How do we define a 4D object like a Klein bottle in 3D topology?

 

And does such matter exist in space?

[mathematic]

Klein bottle is a mathematical object. It cannot be made physically.

[Bignose]

Klein bottle is a mathematical object. It cannot be made physically.

... and yet, I can buy one if I want to: http://www.kleinbottle.com/

[imatfaal]

... and yet, I can buy one if I want to: http://www.kleinbottle.com/

You can buy a very nice representation of one - but as I learnt on my early days here - you cannot buy an actual klein bottle as they do not intersect with themselves which requires 4 dimensions as I strongly suspect you know.

 

That said I would heartily recommend buying one - they are really neat.
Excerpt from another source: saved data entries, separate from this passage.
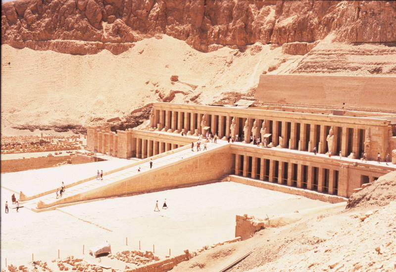 Ricostruzione del tempio di Hatshepsut, a Deir El Bahari. (Tebe Ovest). In primo piano si vede il grande cortile cintato in fondo al quale si elevano le ampie terrazze e i portici che ospitavano splendidi rilievi e varie cappelle. Alle spalle del tempio si eleva la ripida scarpata della montagna tebana, che forma lo splendido paesaggio in cui il tempio si inserisce armonicamente. I lavori di restauro ne hanno oggi restituito la struttura e gli scavi hanno portato alla luce molte delle statue che ne ornavano corti e viali, nonché rivelato la presenza di piccoli bacini e giardini dedicati al dio Amon che ravvivano l’arido paesaggio desertico.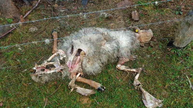 El ataque de uno o varios lobos al rebaño que estaba en una finca cerrada con alambre de espino, se saldó con una auténtica carnicería, que continuaron los buitres una vez que los lobos se hartaron y dieron por concluido el festín.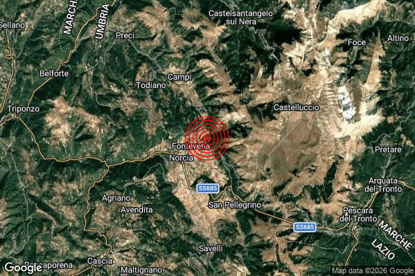 Oggi 18/03/2026 alle ore 16:57:42 (ora locale Italiana – 15:57:42 UTC) è stato registrato un Lieve #Terremoto di magnitudo M2.0 con epicentro “3 km NE Norcia (PG)” Latitudine: 42.81 Longitudine: 13.12 mostrato sulla mappa.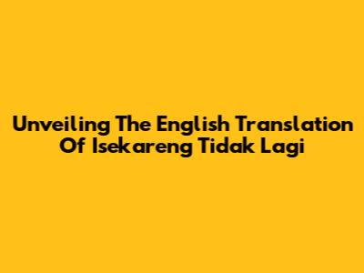 Unveiling The English Translation Of 'Isekareng Tidak Lagi'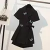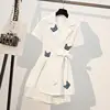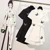Safari ternos para mulher manga curta terno conjunto 2 peças terno jaqueta borboleta arco cinto menina escritório casaco branco coreano bonito roupas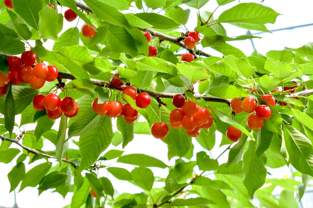 さくらんぼ狩りでは、佐藤錦・ナポレオン・高砂など数種類を味わうことができる。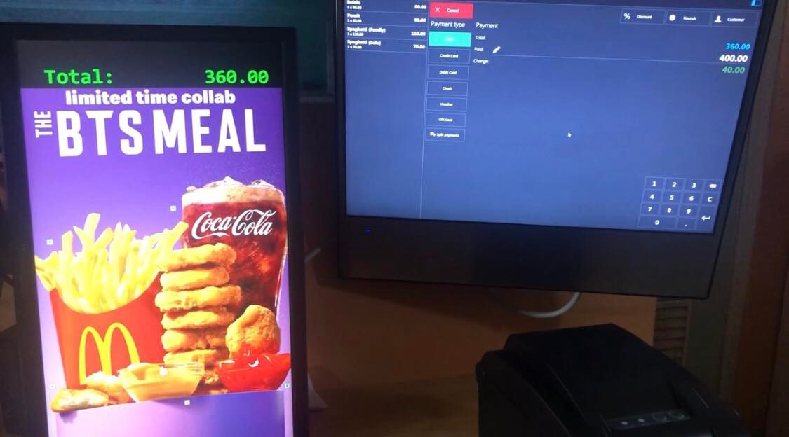 Best feature is, fully customizable, the VFD price display only appears when there is order. After tendering, it can be set to auto disapear or to stay. Can also be positioned top, bottom, center and colors can be changed as well.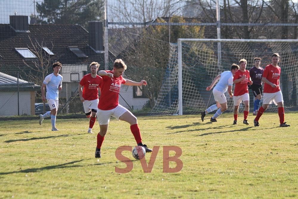 Von Anfang an wurden jedoch die Vorgaben mal wieder nicht umgesetzt, die Heimelf nahm den Kampf wesentlich besser an und war gefühlt immer einen Schritt schneller, cleverer und gewann nahezu jeden Zweikampf, vor allem in der Luft. Chancen standen jedoch auf beiden Seiten bis zur 20. Minute nicht wirklich zu Buche. Erst dann wurde Jannis Roos steil geschickt, Stefan Straub rutschte unglücklich weg und Roos hatte freie Bahn, zielte jedoch knapp am Dreieck vorbei.

And the website even gives a nice explanation of why what you are getting is 2d surfaces embedded in 3d space rather than the singular 2d surface embedded in 4d space which is a true klein bottle

 

http://www.kleinbottle.com/whats_a_klein_bottle.htm

[decraig]

You can buy a very nice representation of one - but as I learnt on my early days here - you cannot buy an actual klein bottle as they do not intersect with themselves which requires 4 dimensions as I strongly suspect you know.

 

 

I suspect you mean that a Klein bottle cannot be embedded in manifold of less than 4 dimensions. Maybe we should call the Klien bottle a Klein manifold to have consistent language. But in any case, the 3D space we've come to know and love is (at least locally) oriented. A left glove cannot be locally turned into a right glove.

 

But what if the 3-space is itself non-oriented? Can a Klein manifold be embedded in a 3 dimensional manifold that is itself non-oriented?

 

It occurs to me that the non-oriented Klein manifold can be embedded in itself by identity. Adding one more dimension doesn't nullify the embedding. So it does seem possible to do so in specific cases.